Budaya organisasi dapat dikelola dan terdapat beberapa manfaat yang diberikan dari
memiliki budaya organisasi yang kuat dan jelas. Pada level values dan ideas, karyawan
harus paham secara jelas apa nilai – nilai utama dari organisasi itu. Contoh, jika
karyawan menerima validitas dan pentingnya nilai – nilai budaya, maka hal ini akan
membuat karyawan menjadi loyal dan berkomitmen terhadap perusahaan serta juga
memiliki potensi untuk menciptakan rasa kolektivitas organisasi yang kuat atau rasa
identitas kelompok yang kuat. Pada level perilaku, jika karyawan percaya dan menerima
budaya organisasi, maka hal ini dapat membantu mereka bersikap baik dengan cara
mendukung dan memperkuat budaya tersebut. Sebagai contoh, jika budaya organisasi
menekankan pentingnya inovasi dan kreativitas, jika karyawan percaya nilai-nilai ini,
mereka akan berperilaku baik dengan cara – cara yang inovatif dan kreatif. Pengaruh
sikap para pekerja mengenai partisipasi mereka dalam aktivitas manajemen pengetahuan
organisasi adalah hubungan antara para pekerja dan manajemen serta sejauh mana
pekerja memiliki rasa identitas kelompok. Aktivitas manajemen budaya untuk
mendukung upaya manajemen pengetahuan organisasi dengan melalui pengembangan
kepercayaan para karyawan dan komitmen ke manajemen dalam organisasi serta
membantu mengembangkan rasa identitas kelompok/team para pekerjanya.

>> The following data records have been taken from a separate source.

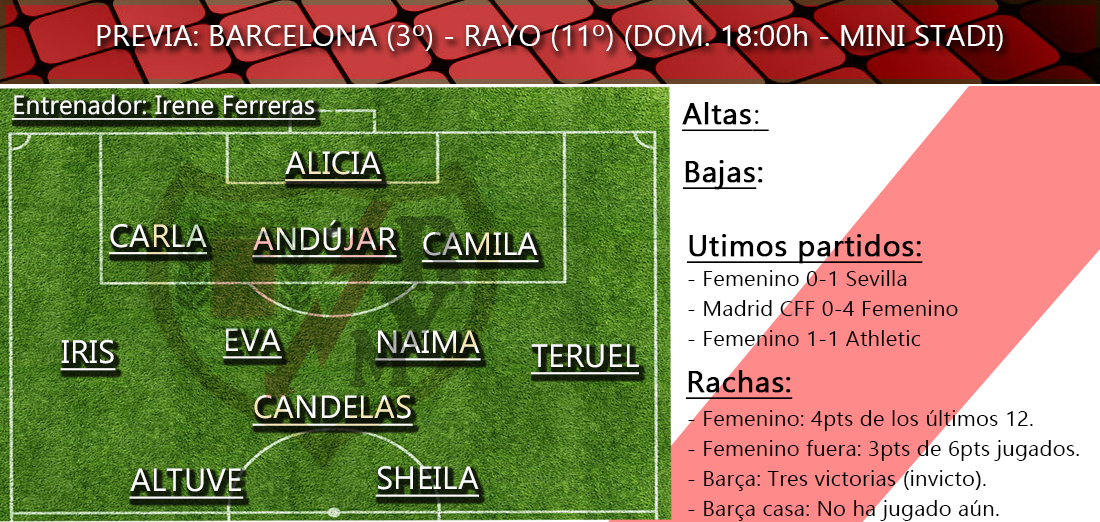 Tras el parón de una semana por selecciones, vuelve LaLiga Iberdrola con toda su emoción. Uno de los partidos será el que enfrente al Rayo Femenino ante el FC Barcelona en el Mini Estadi. El conjunto de Irene Ferreras quiere hacer valer esos 4 puntos conseguidos en las dos últimas jornadas ante el Madrid CFF y el Athletic Club.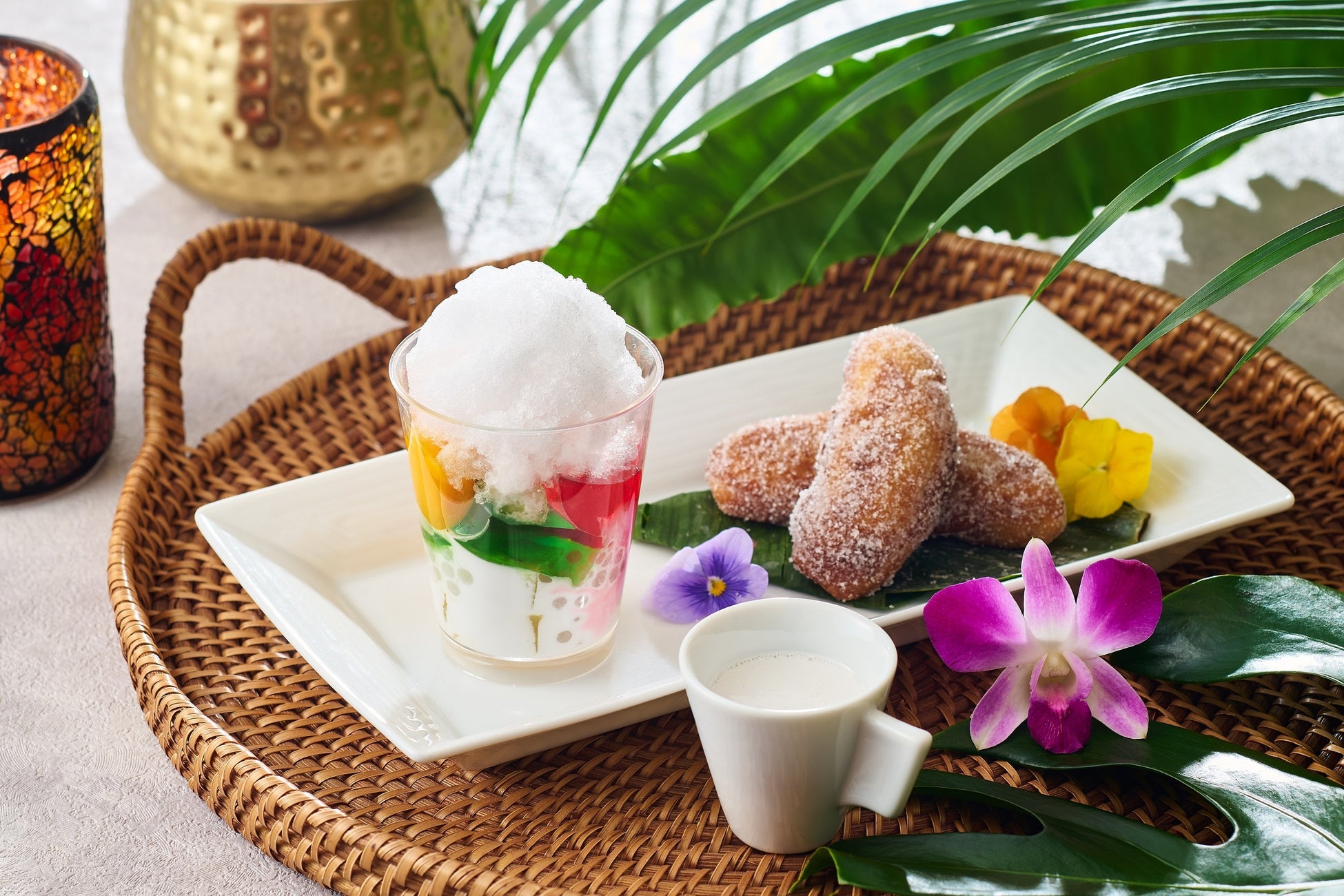 シェフの一皿は、暑い季節に食べたくなる、かき氷に似たベトナムの伝統的なひんやりスイーツ「チェ―」と、南国フルーツ・バナナを揚げた、インドネシアやマレーシアなどで人気のあったかスイーツ「ピサン・ゴレン」。小学生以上のお客様へ一人一皿ご提供いたします。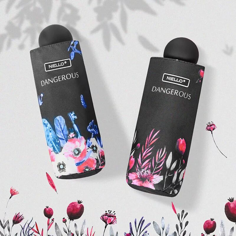 【買1送1】特惠裝 晴雨兩用 女士便攜式五折折疊黑膠遮陽傘防曬防紫外線戶外膠囊雨傘HSJ198
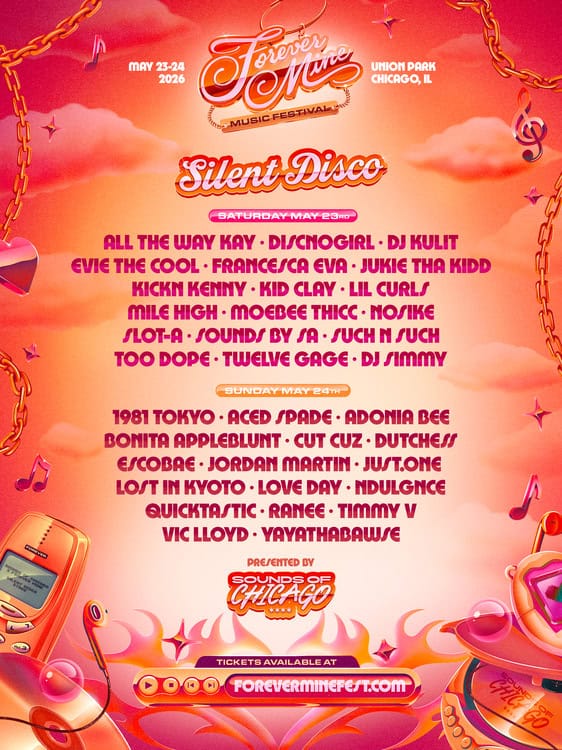 Beyond the music, the festival features live art, Y2K-inspired photo moments, local food vendors, interactive activations, and VIP upgrades. Forever Mine runs from 12 p.m. to 10 p.m. daily and is open to all ages, with free entry for kids five and under. Tickets go on sale Friday, January 30, at 12 p.m. CT.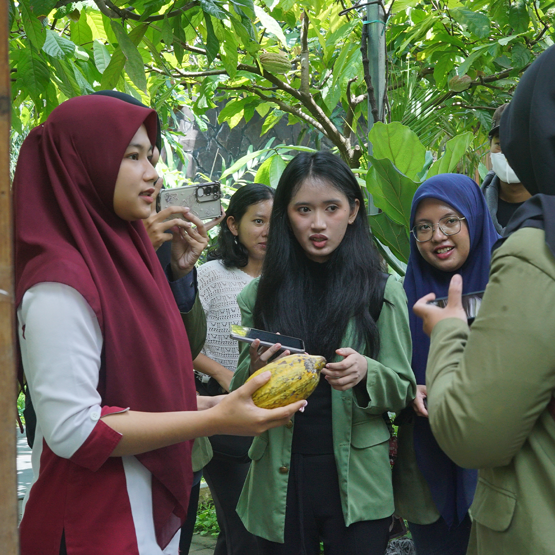 Selanjutnya, mereka mempelajari lebih dalam tentang buah kakao, mulai dari bentuk, warna, hingga cara membukanya. Kegiatan ini makin menarik saat anak-anak diberi kesempatan untuk mencicipi buah kakao segar yang langsung diambil dari kebun.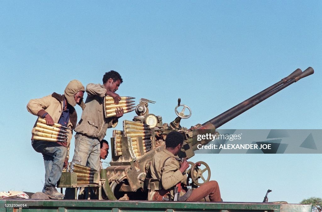 Rebel militiamen belonging to the Somali National Movement, fighting the regime of dictator Mohamed Siad Barre, load an anti-aircraft twins cannon near the town of Zeila, northern Somalia in October 1989.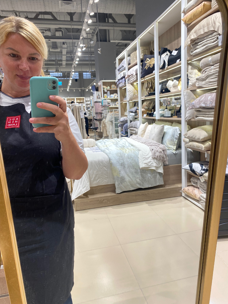 Я давно говорю мужу, что крутить пальцем у виска не очень правильно, на себе так то не показывают, а то палец свернешь или мозги раскрутишь, а они и так на соплях болтаются . Короче, скачала я недавеча приложение Ventra Go и каким то чудом схватила заказ на подработку в очень интересном магазине Kuchenland . Кому интересно что это вообще такое, вот ссылка 👇 А так как ставки на такие вакансии всегда повышены, я не долго думая, согласилась. Во первых потому, что устала от рыночных дол….ов, а во вторых, Инна согласилась открыть мой павильон и поторговать. Мне дали задачу- активно продавать. Ну я и продала столько, что им и не снилось 😃. Они там рты пооткрывали . Думали, что опять придет ни рыба ни мясо, а тут даже объяснять ничего не надо. Увидела покупателя, тут же выяснила потребность и сразу продала . Клад ! 🤣 Первые 15 минут я изучала информацию о товаре в компьютере. В этой подсобке мне выдали фирменный фартук Ну я и понесла красоту в мир Между прочим, получила настояще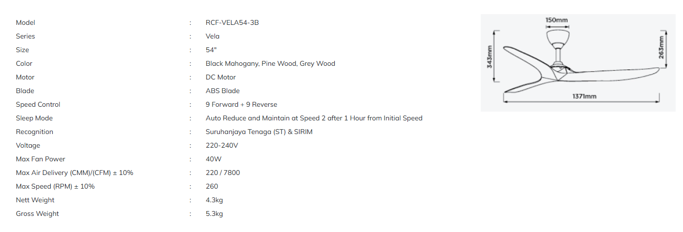 RUBINE CEILING FAN RCF-VELA54-3B-BM (DC) 54''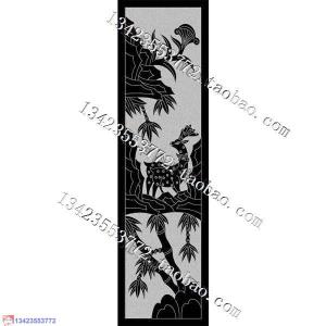 墓碑立柱鹿竹子线雕图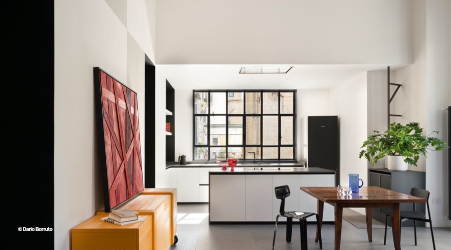La zona cucina open è, infatti, parte integrante della casa, completamente illuminata dalla luce della vetrata che amplifica lo spazio ed esalta i colori. Madie, quadri e oggetti decorativi variopinti si accostano ai materiali freddi dallo stile industrial in acciaio oppure alle calde tonalità, come quelle del legno o di alcune opere d'arte in corda.

3. Is the existence of distinctive subcultures within an organization likely to be related to


organization size, or the extent to which people in the organization are geographically
dispersed?
Jawaban :
Keberadaan subkultural yang khas dalam suatu organisasi berkaitan dengan ukuran
organisasi atau sejauh mana orang-orang dalam organisasi ditempatkan, karena
subkultural itu bisa muncul di beda divisi tapi masih dalam 1 organisasi. Tapi dampak
keberadaan subkultural ini dapat menghambat proses berbagi pengetahuan. Karena
subkultural ini membentuk karakteristik dari masing-masing divisi. Keberadaan
subkultural tergantung ukuran organisasi, apabila ukuran organisasi kecil maka tidak
mungkin ada subkultural tetapi apabila ukuran organisasi besar bisa muncul subkultural.